##### DATA FOR REVIEW
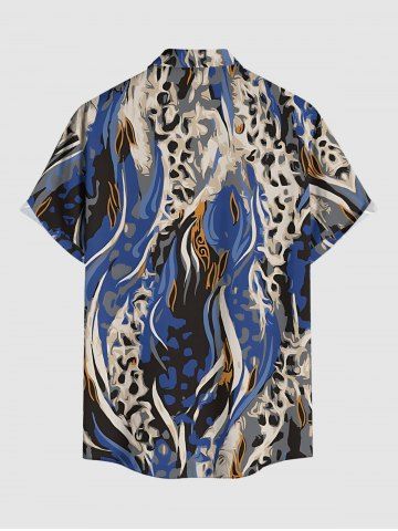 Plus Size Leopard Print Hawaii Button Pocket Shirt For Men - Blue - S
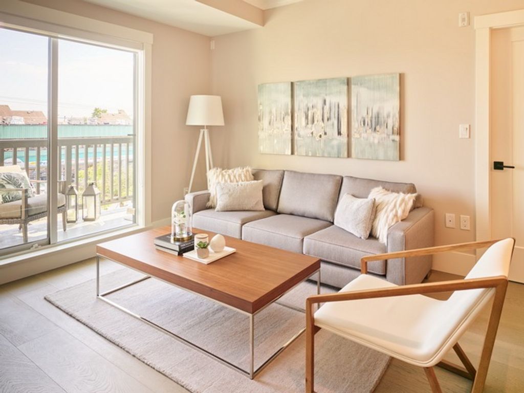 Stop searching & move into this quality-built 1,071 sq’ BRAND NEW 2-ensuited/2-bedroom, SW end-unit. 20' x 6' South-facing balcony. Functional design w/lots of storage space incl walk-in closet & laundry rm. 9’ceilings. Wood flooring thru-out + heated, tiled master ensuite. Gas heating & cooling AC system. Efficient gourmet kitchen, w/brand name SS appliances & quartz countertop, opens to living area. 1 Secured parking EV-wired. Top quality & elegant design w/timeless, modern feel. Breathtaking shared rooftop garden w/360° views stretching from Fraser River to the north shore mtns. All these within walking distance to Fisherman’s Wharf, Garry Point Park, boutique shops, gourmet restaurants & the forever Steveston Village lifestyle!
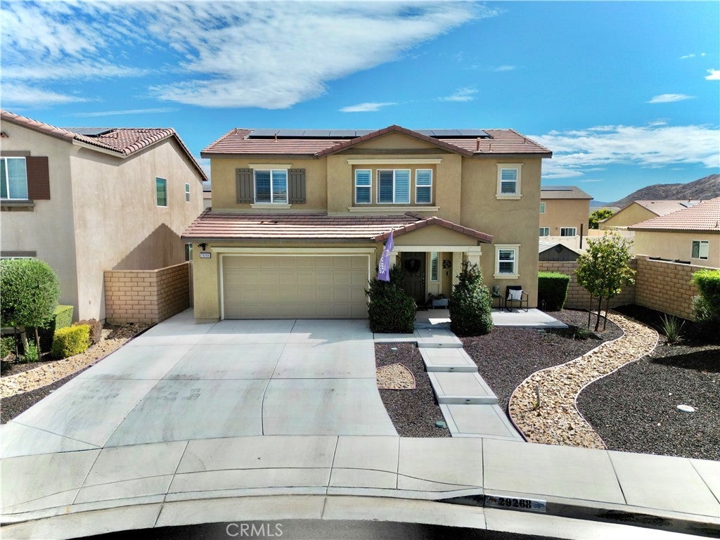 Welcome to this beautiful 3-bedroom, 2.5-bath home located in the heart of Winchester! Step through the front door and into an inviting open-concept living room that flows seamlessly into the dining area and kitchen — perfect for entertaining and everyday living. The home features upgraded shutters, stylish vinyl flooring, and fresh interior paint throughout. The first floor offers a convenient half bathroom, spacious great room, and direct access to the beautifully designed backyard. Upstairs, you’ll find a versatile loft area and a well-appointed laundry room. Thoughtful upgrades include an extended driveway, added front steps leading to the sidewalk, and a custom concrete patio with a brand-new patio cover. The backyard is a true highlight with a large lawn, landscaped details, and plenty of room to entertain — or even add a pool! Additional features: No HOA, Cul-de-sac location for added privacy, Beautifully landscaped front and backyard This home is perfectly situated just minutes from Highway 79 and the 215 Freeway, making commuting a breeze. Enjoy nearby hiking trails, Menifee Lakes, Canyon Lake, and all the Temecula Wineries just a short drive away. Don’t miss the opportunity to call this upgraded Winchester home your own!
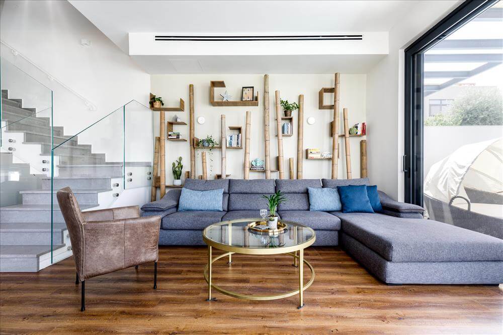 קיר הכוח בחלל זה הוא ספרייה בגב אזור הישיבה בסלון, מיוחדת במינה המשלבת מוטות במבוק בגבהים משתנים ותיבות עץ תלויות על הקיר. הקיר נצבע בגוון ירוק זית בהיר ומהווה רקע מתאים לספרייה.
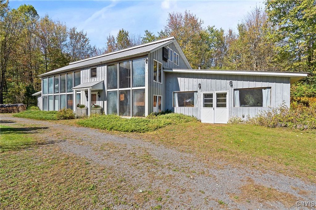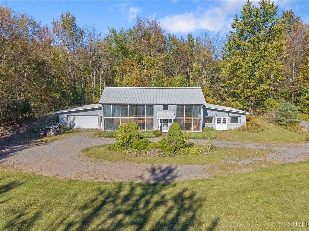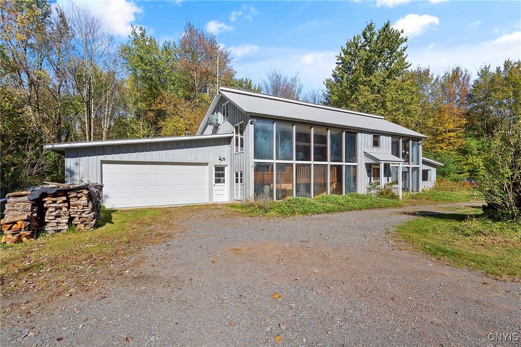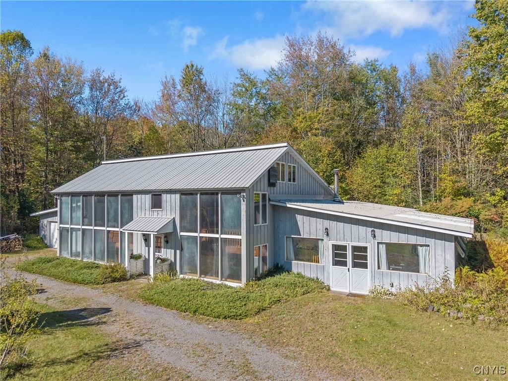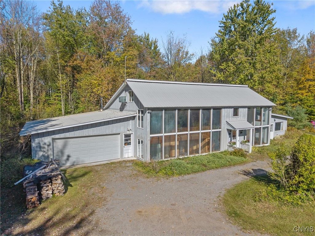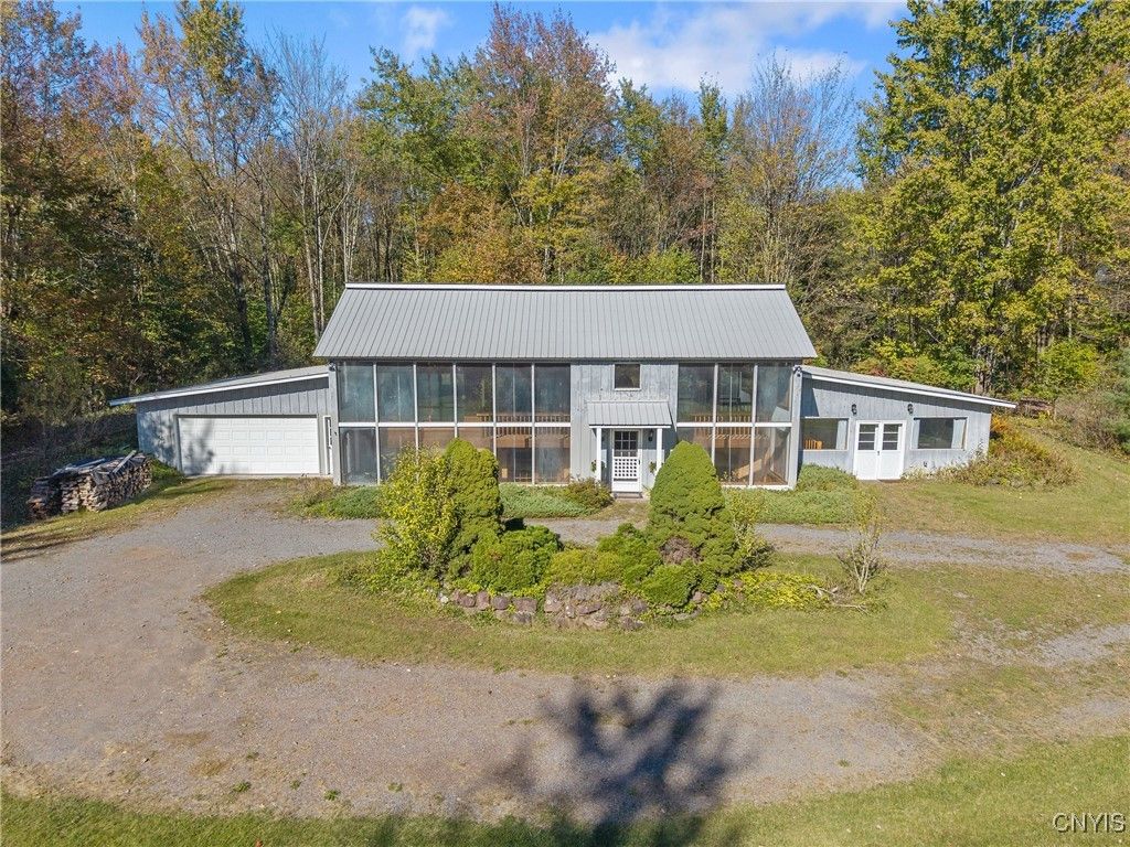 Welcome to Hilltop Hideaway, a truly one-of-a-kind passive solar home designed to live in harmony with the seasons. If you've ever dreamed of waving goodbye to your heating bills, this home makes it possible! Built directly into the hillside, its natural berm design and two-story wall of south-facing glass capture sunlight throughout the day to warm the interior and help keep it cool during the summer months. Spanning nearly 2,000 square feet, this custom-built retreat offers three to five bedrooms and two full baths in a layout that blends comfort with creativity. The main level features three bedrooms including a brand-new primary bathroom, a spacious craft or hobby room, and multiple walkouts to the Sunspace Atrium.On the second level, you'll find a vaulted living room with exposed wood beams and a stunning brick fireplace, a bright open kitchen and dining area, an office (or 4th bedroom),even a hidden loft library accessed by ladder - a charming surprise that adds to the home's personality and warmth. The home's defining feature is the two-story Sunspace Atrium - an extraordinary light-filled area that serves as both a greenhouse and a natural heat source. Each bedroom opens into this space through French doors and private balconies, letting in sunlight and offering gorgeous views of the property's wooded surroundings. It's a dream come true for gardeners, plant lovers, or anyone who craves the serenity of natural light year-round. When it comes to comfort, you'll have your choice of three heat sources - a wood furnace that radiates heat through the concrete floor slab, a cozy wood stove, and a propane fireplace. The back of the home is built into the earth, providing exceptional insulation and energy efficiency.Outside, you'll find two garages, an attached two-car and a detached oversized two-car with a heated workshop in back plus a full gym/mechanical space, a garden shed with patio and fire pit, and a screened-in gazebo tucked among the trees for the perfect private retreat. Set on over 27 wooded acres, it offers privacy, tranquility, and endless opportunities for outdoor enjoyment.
##########
##### DATA FOR REVIEW
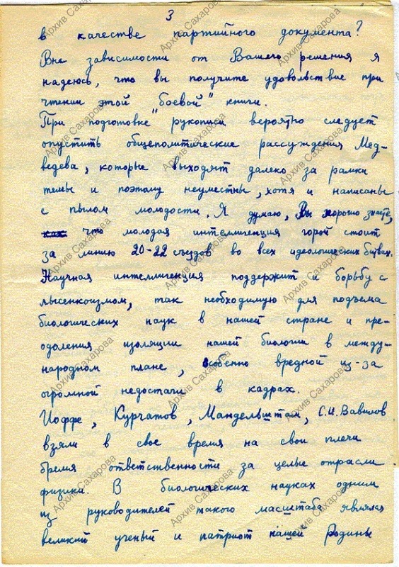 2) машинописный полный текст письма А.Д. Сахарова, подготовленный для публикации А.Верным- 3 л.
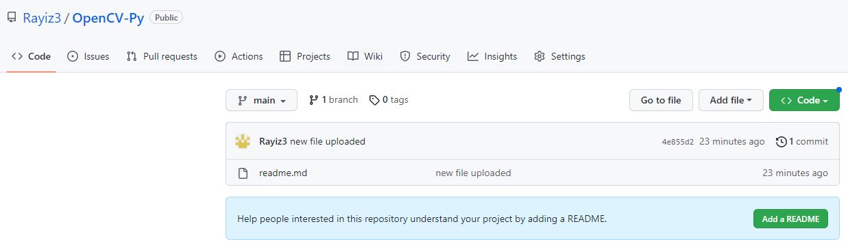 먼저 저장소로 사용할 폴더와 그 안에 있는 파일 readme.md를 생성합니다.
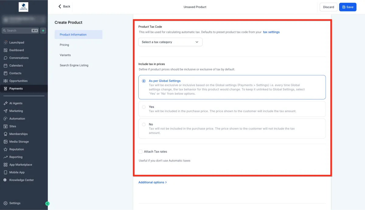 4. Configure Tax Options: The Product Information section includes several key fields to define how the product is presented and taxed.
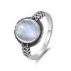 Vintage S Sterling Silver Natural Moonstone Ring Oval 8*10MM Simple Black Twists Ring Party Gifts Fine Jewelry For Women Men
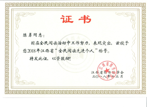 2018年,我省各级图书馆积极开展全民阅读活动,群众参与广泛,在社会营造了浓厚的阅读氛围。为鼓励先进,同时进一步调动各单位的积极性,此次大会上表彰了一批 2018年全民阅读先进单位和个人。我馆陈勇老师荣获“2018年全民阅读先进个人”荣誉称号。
##########
YOUR ASSIGNMENT: Please copy out from the data above, without any picture, exactly the lines running from the one that holds "4. Configure Tax" through the one that holds "2018年,我省各级图书馆积", and nothing beyond them.

SOLUTION FOR THIS PROBLEM:
 4. Configure Tax Options: The Product Information section includes several key fields to define how the product is presented and taxed.
 Vintage S Sterling Silver Natural Moonstone Ring Oval 8*10MM Simple Black Twists Ring Party Gifts Fine Jewelry For Women Men
 2018年,我省各级图书馆积极开展全民阅读活动,群众参与广泛,在社会营造了浓厚的阅读氛围。为鼓励先进,同时进一步调动各单位的积极性,此次大会上表彰了一批 2018年全民阅读先进单位和个人。我馆陈勇老师荣获“2018年全民阅读先进个人”荣誉称号。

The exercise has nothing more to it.